The Apple Music exclusive dropped on August 20th a day after Ocean released a visual project called Endless. The 45 minute video showed the New Orleans crooner building a staircase while unreleased music played in the background. While the reception for the artistic piece was mixed, I appreciated hearing his musical process and collaborations with amazing artists like Jazmine Sullivan, Sampha and James Blake. But let’s get back to the point of this post, Blond is finally out and if you haven’t heard it with your own ears yet, I’m sure you’ve read the positive reviews from critics and people from Twitter since it dropped this weekend.

Instead of racing to post another glowing review for this 17 track body of work without having some time with it, I wanted to reflect on my numerous plays of this album because I took a lot from this album. One of my favorite things about Frank Ocean’s music is his ability  to turn his personal experiences to songs that can be universally felt and understood. You don’t have to be gay to relate to the feeling of being misunderstood on “Bad Religion”. A bank account with never ending zeros isn’t needed to see that money doesn’t buy happiness on “Super Rich Kids”. Ocean definitely topped my expectations with this album and has tapped even deeper into his emotions with Blond. Let’s get into this album:

Nike: Materialism is the theme of the moody opener for Blond. “These bitches want Nike / They looking for a check / Tell em it ain’t likely,” Ocean sings through distortion. Some feel the need to base all of their self worth and value in the brands they wear, the phones they use and their Urban Outfitters trendy appearance. So many quote worthy lines in “Nike” beyond the materialism theme. My favorite is toward the end when Ocean confesses, “I may be younger but I’ll look after you / We’re not in love / but I’ll make love to you / When you’re not here I’ll save some for you / I’m not him but I’ll mean something to you.” Oh how I’ve missed sincere lines like that from Frank.

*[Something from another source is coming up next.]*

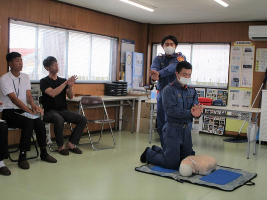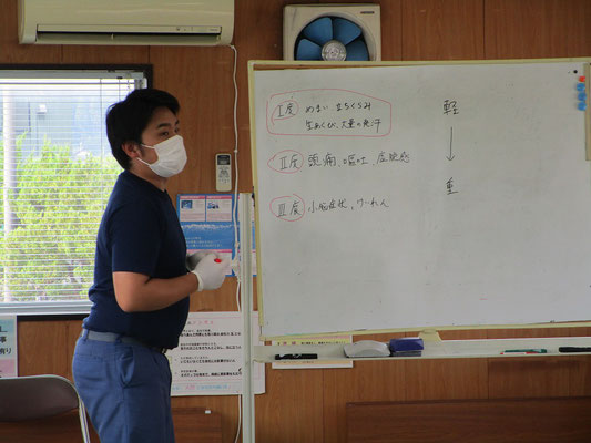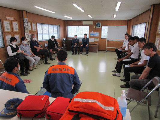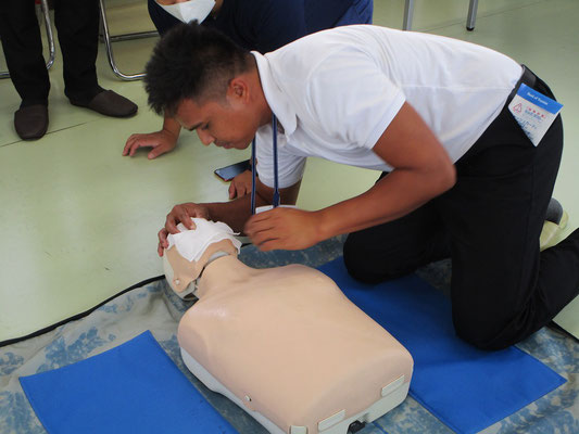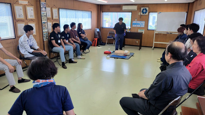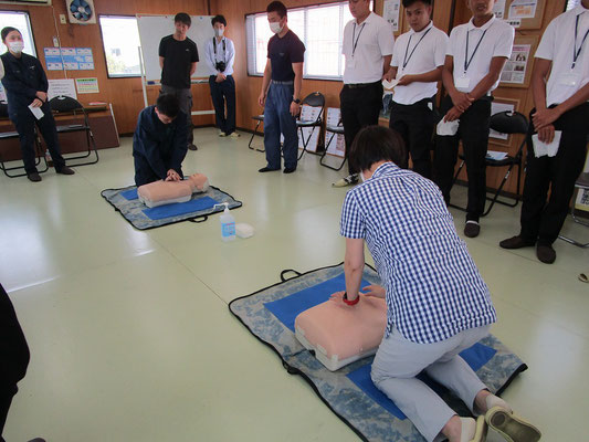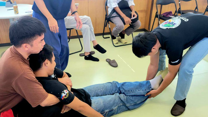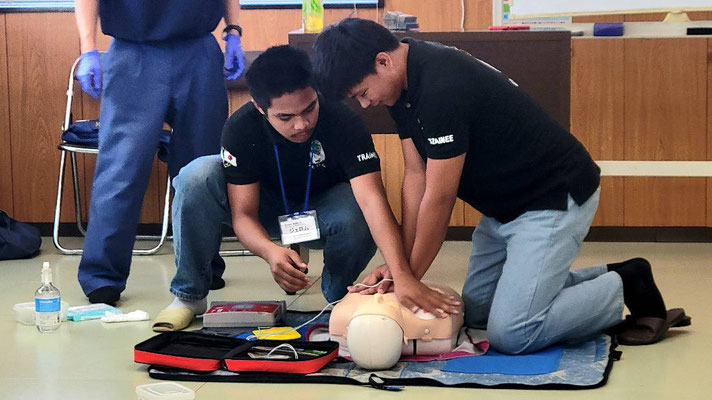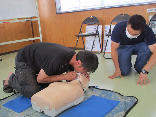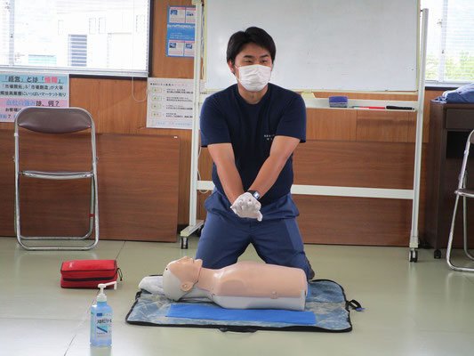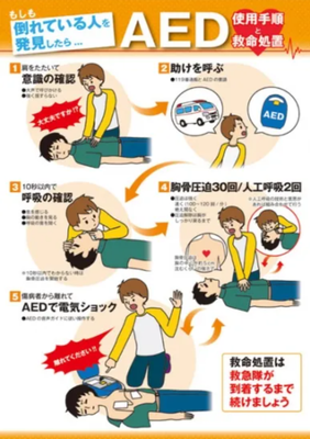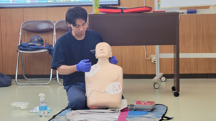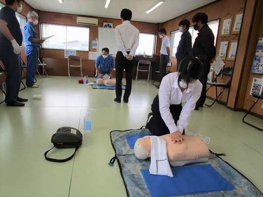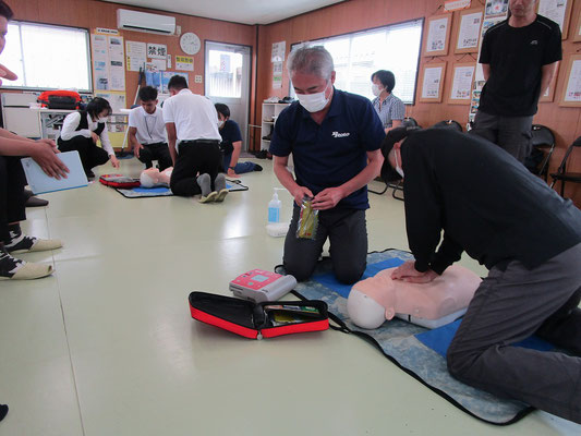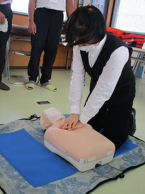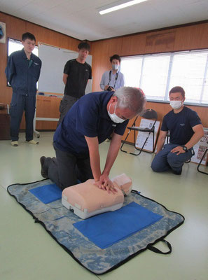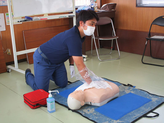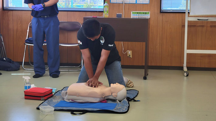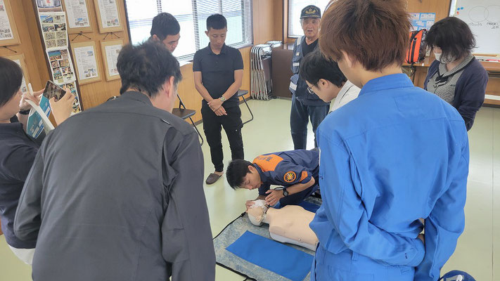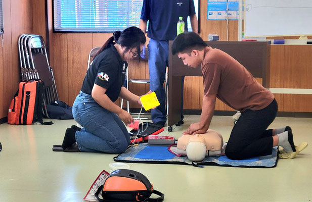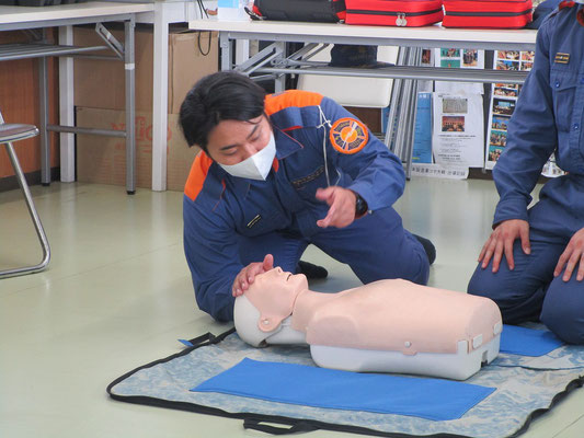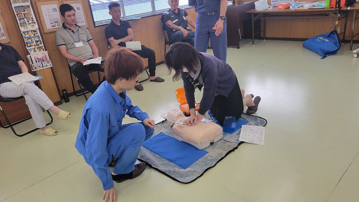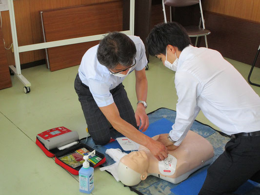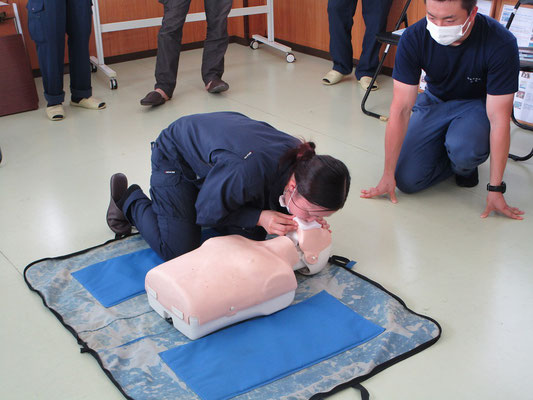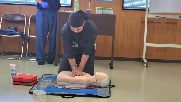 救急救命講習・AED操作講習・熱中症対策・止血法・緊急時の搬入法・脳梗塞などの対応見分け方・身近にある物での搬入・対策、備蓄その他、毎年少しづつテーマを変えながら訓練しています。

Ivy: The mellow minimal production from ROSTAM and Pharrell Williams was the first thing I noticed and appreciated about “Ivy”. The words take center stage with a dreamy opening line over a light guitar strum, “I thought that I was dreaming / When you said you loved me.” Ocean sings about his mistakes and loss of innocence, “We’ll never be those kids again.” Those simply days have sadly come to an end. Frank keeps giving me lines that resonate with me well after the song ends including: “I broke your heart last week / You’ll probably feel better by the weekend.” When your young relationships can easily end as fast as they began and this line perfectly illustrates that.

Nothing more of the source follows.